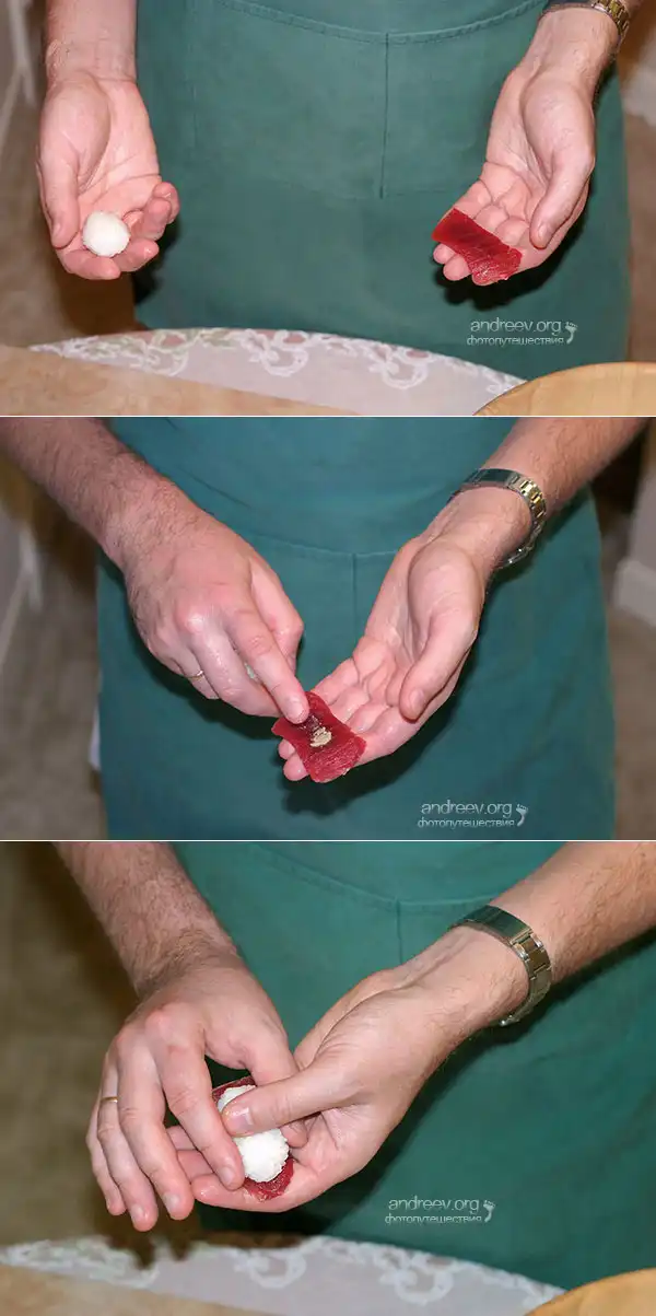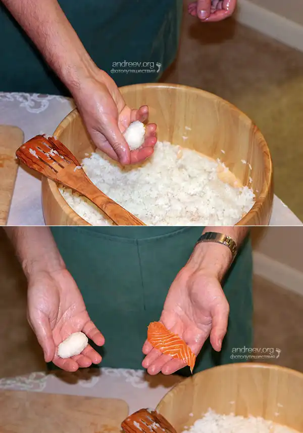 Указательным пальцем правой руки зачерпните немного васаби (не выпуская рисовой заготовки из ладони), и слегка промажьте кусок рыбы. Поверх положите рис. Большим пальцем левой руки слегка нажмите на рис сверху, оставив почти незаметную вмятинку. Теперь смените руки, и надавите более сильно на всю поверхность риса указательным и средним пальцами правой руки.
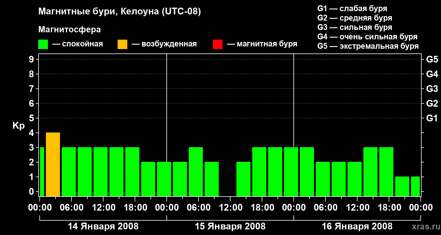 Изменения геомагнитного индекса Kp с 14 по 16 января 2008 года для средних широт
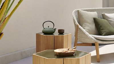 La base de la nouvelle table d’appoint Tairu est formée par un solide rectangle creux en teck. Le plateau réalisé en pierre de lave du Vésuve fait la particularité de chaque table. La finition émaillée appliquée manuellement à l’éponge naturelle nuance la couleur en fonction du reflet de la lumière sur le plateau. En cas de visite imprévue, vous pouvez facilement déplacer la table grâce aux poignées intégrées. Les plateaux sont disponibles en quatre teintes sophistiquées, chacune dans une finition craquelée subtile.
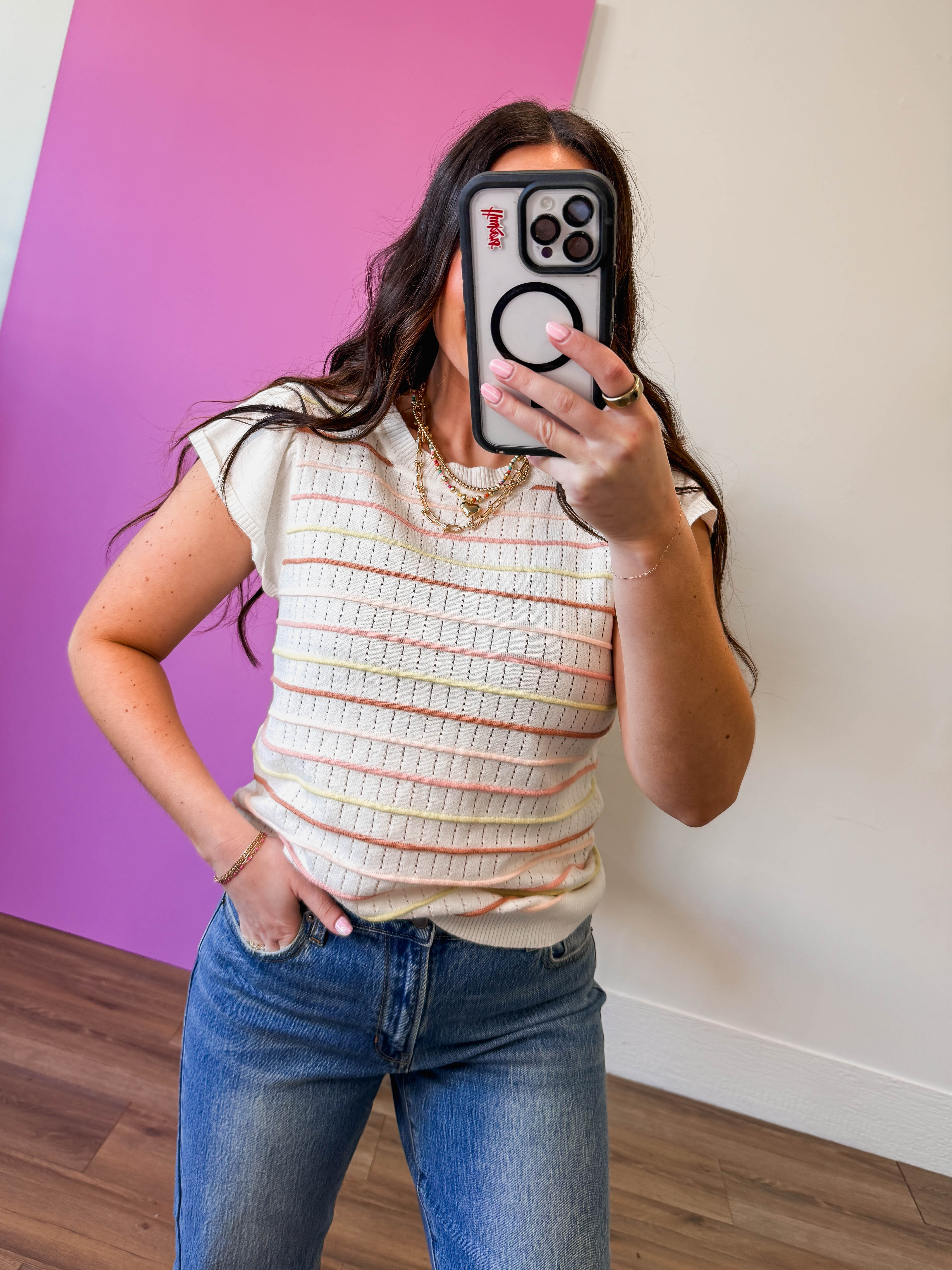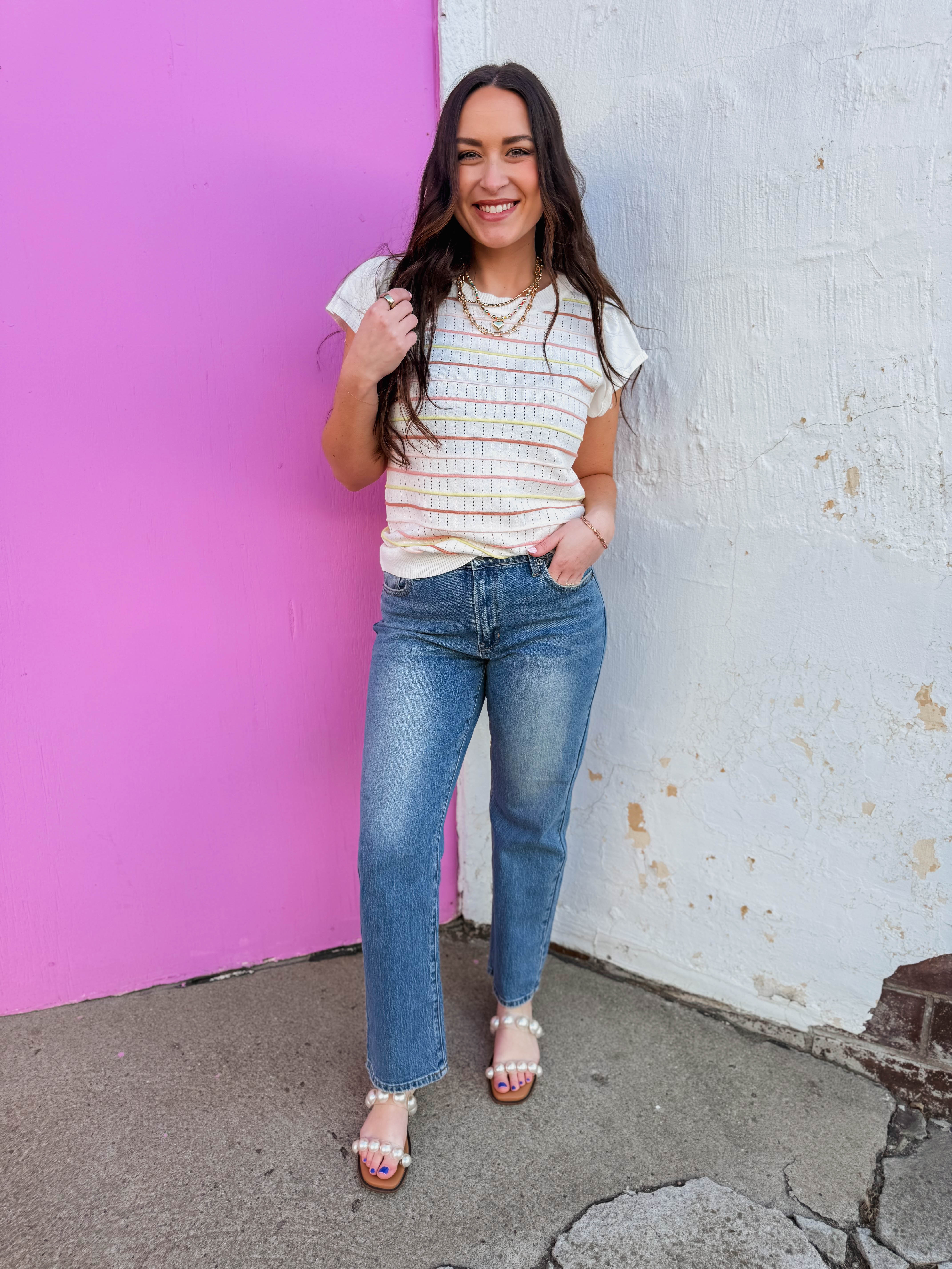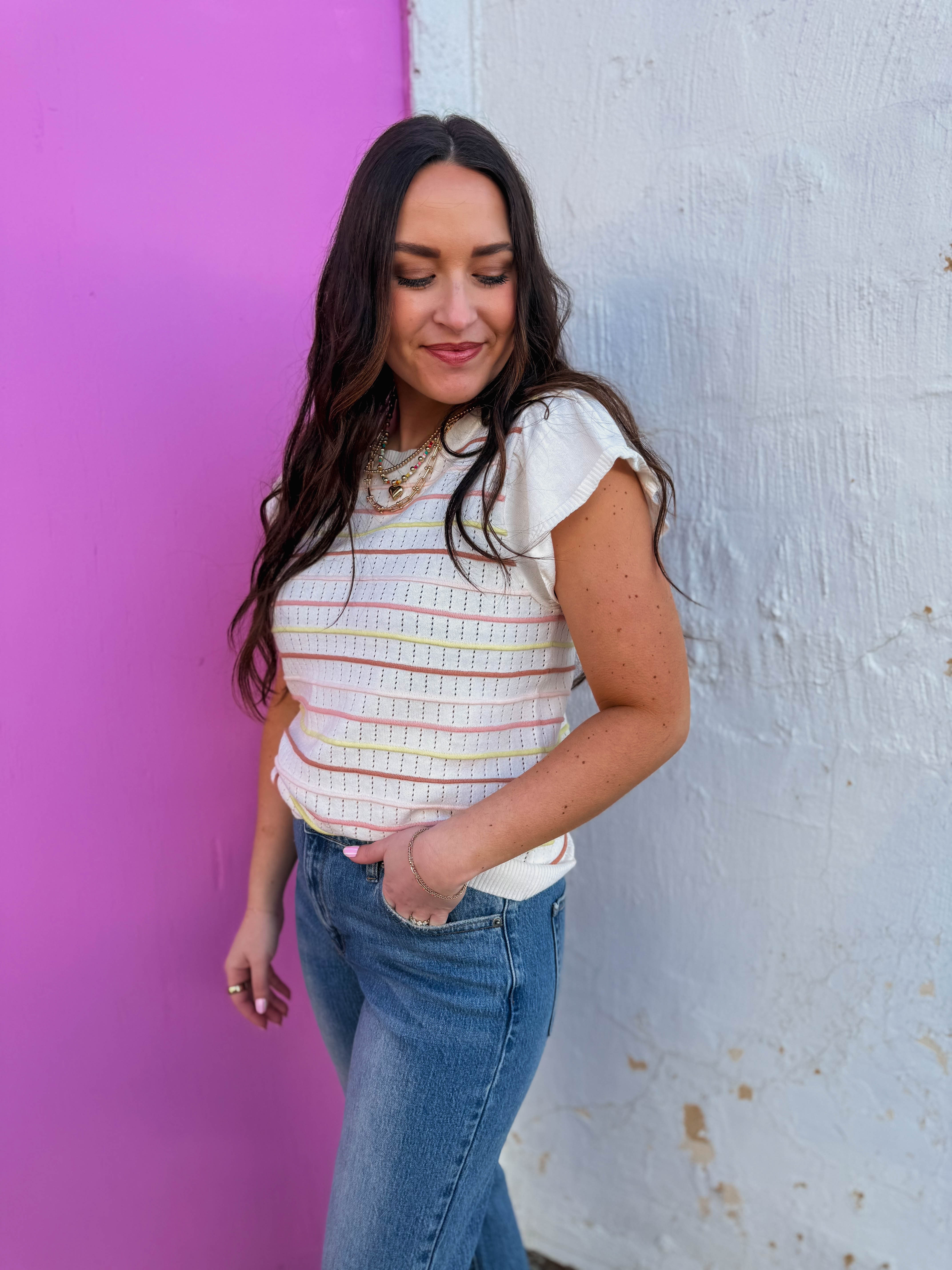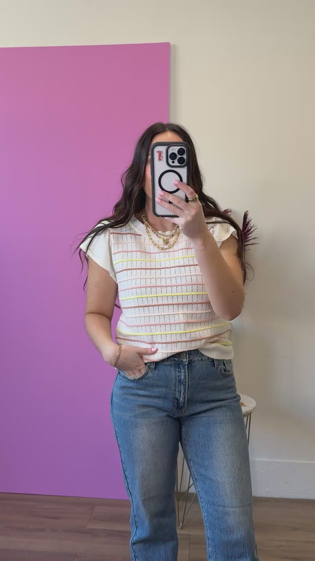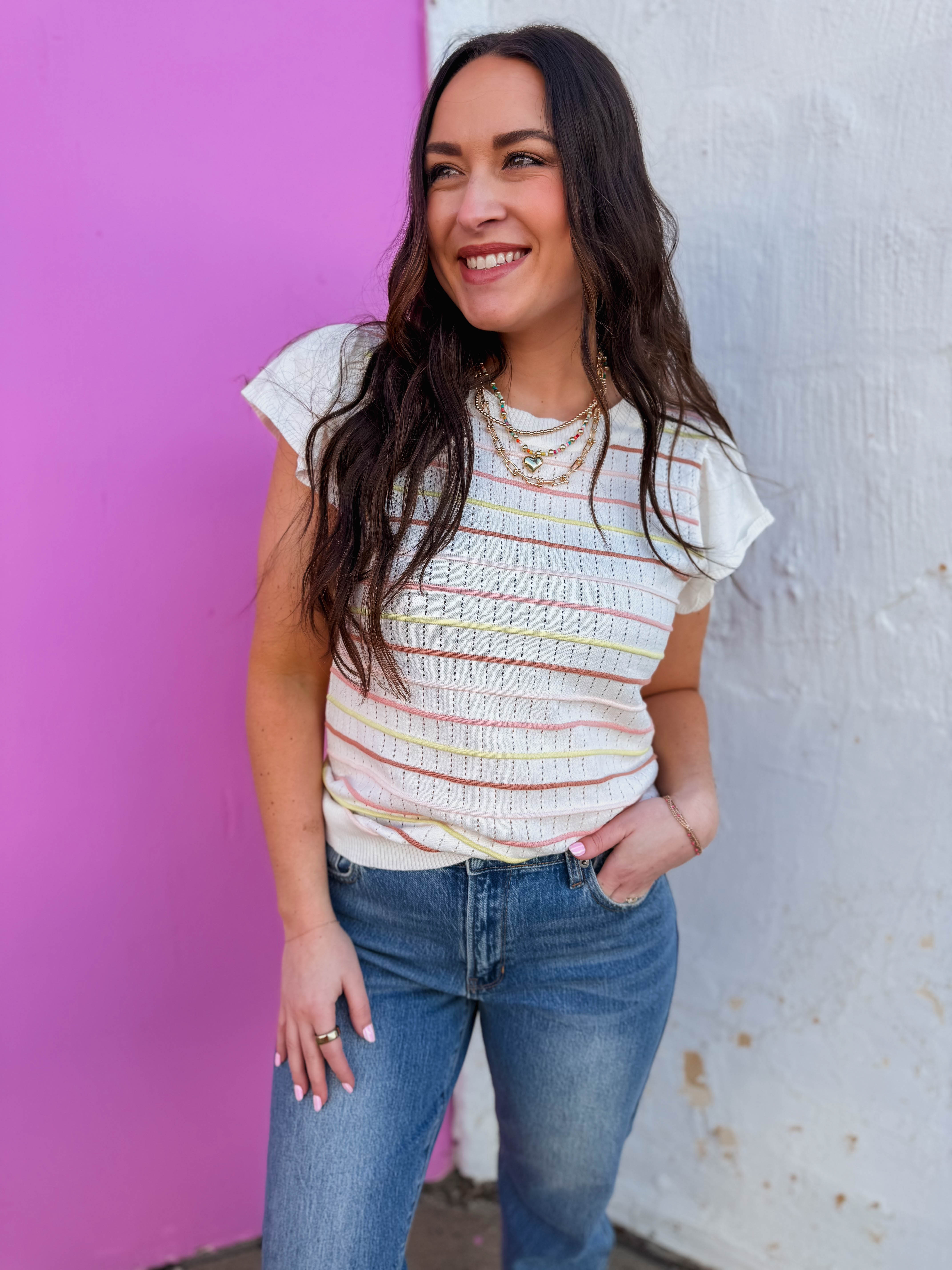 Brighten your wardrobe with the Abigail Striped Knit Top. This charming sweater features vibrant multicolor stripes that bring instant personality to any outfit. Perfect for layering through spring and summer, it's the effortless way to add a playful pop of color to your everyday style.

◇ ◇ ◇ ◇ ◇ ◇ ◇

Task item => Your output should be only the lines from the line with "Изменения геомагнитного индекса" through the end of the data, exactly as they stand, and no pictures.

Answer box =>
 Изменения геомагнитного индекса Kp с 14 по 16 января 2008 года для средних широт
 La base de la nouvelle table d’appoint Tairu est formée par un solide rectangle creux en teck. Le plateau réalisé en pierre de lave du Vésuve fait la particularité de chaque table. La finition émaillée appliquée manuellement à l’éponge naturelle nuance la couleur en fonction du reflet de la lumière sur le plateau. En cas de visite imprévue, vous pouvez facilement déplacer la table grâce aux poignées intégrées. Les plateaux sont disponibles en quatre teintes sophistiquées, chacune dans une finition craquelée subtile.
 Brighten your wardrobe with the Abigail Striped Knit Top. This charming sweater features vibrant multicolor stripes that bring instant personality to any outfit. Perfect for layering through spring and summer, it's the effortless way to add a playful pop of color to your everyday style.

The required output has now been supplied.